To make the CTGAN synthetic dataset, we used the SDV Python tool. SDV has options for synthesizing both time-series and non-time-series, but unfortunately we were unable to make a time-series dataset because our system did not have enough memory (the system had 1.5TB of memory, but this was not enough). Therefore, we used the non-time-series option to build a synthetic dataset with the same number of rows as the original table (1056320), but with around 10k accounts.

Both the Mostly AI and CTGAN datasets were built using system defaults.

How the comparison is and isn’t fair

The usage style of SynDiffix is different from that of other synthetic data tools. SynDiffix is designed to remain anonymous no matter how many different synthetic datasets are built from the original data. This allows us to build synthetic datasets containing only the columns of interest for the given analysis question. This maximizes accuracy. We built a separate SynDiffix synthetic dataset for each of the comparison examples.

By contrast, we built only a single transactions synthetic dataset each for Mostly AI and CTGAN. All of the comparison examples used these datasets. In principle, we could have also built separate datasets for each comparison example for Mostly AI and CTGAN. Doing so would have resulted in better accuracy (though probably still not as good as SynDiffix, as this paper shows). In this sense, the comparison is not apples-to-apples.

Nevertheless, we choose to make the comparison this way for the following reasons:

Synthetic data products are marketed as one-size-fits-all

Synthetic data products are marketed as one-size-fits-all: the promise is that a single dataset accurately captures the statistical characteristics of the original data.
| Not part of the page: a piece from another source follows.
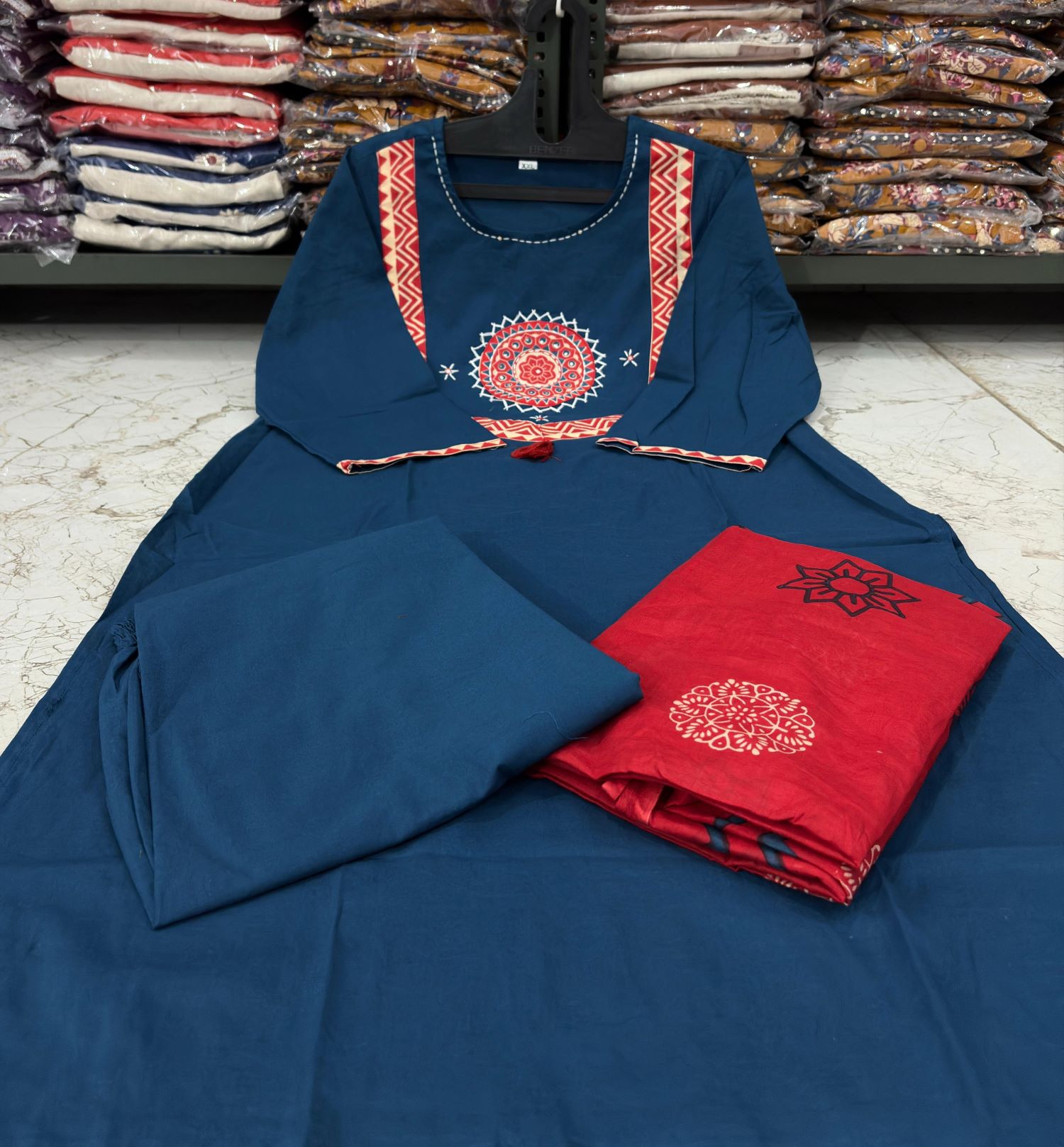 Elevate your ethnic charm with this Blue Designer Readymade Straight Salwar Kameez Set for Women. Crafted from premium cotton fabric, the kurti features intricate print that adds elegance and sophistication. Paired with matching pants and a dupatta, this set ensures a complete festive look. Perfect for weddings, parties, or festive occasions, it offers a blend of comfort and traditional style that enhances your graceful appearance effortlessly.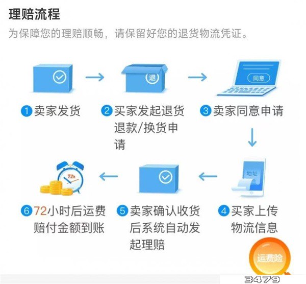 运费险退回的流程有2种,一种是由快递员上门取件,当卖家确认收货时,运费险赔偿金会在七十二小时内自动退到买家的支付账号;另一种是买家到快递点自行将商品寄出后,打开手机进入订单详情页,找到并点击进入“退货退款”的售后入口,上传退货取得的快递订单号,当卖家【确认收货】后,赔款基本会在72小时里完成打款。

It seems fair to take this marketing at its word, and use it as it is designed to be used.

The privacy of synthetic data products erodes with multiple syntheses

Unlike SynDiffix, the anonymity of other synthetic data products weakens with each data synthesis, at least in theory. As such, a comparison of multiple SynDiffix synthetic datasets against a single Mostly AI or CTGAN synthetic dataset is fair from a privacy perspective. Whether generating a large number of synthetic datasets with other products results in real risks in practice is unknown, though it does seem unlikely that generating a relatively small number of datasets leads to practical risks.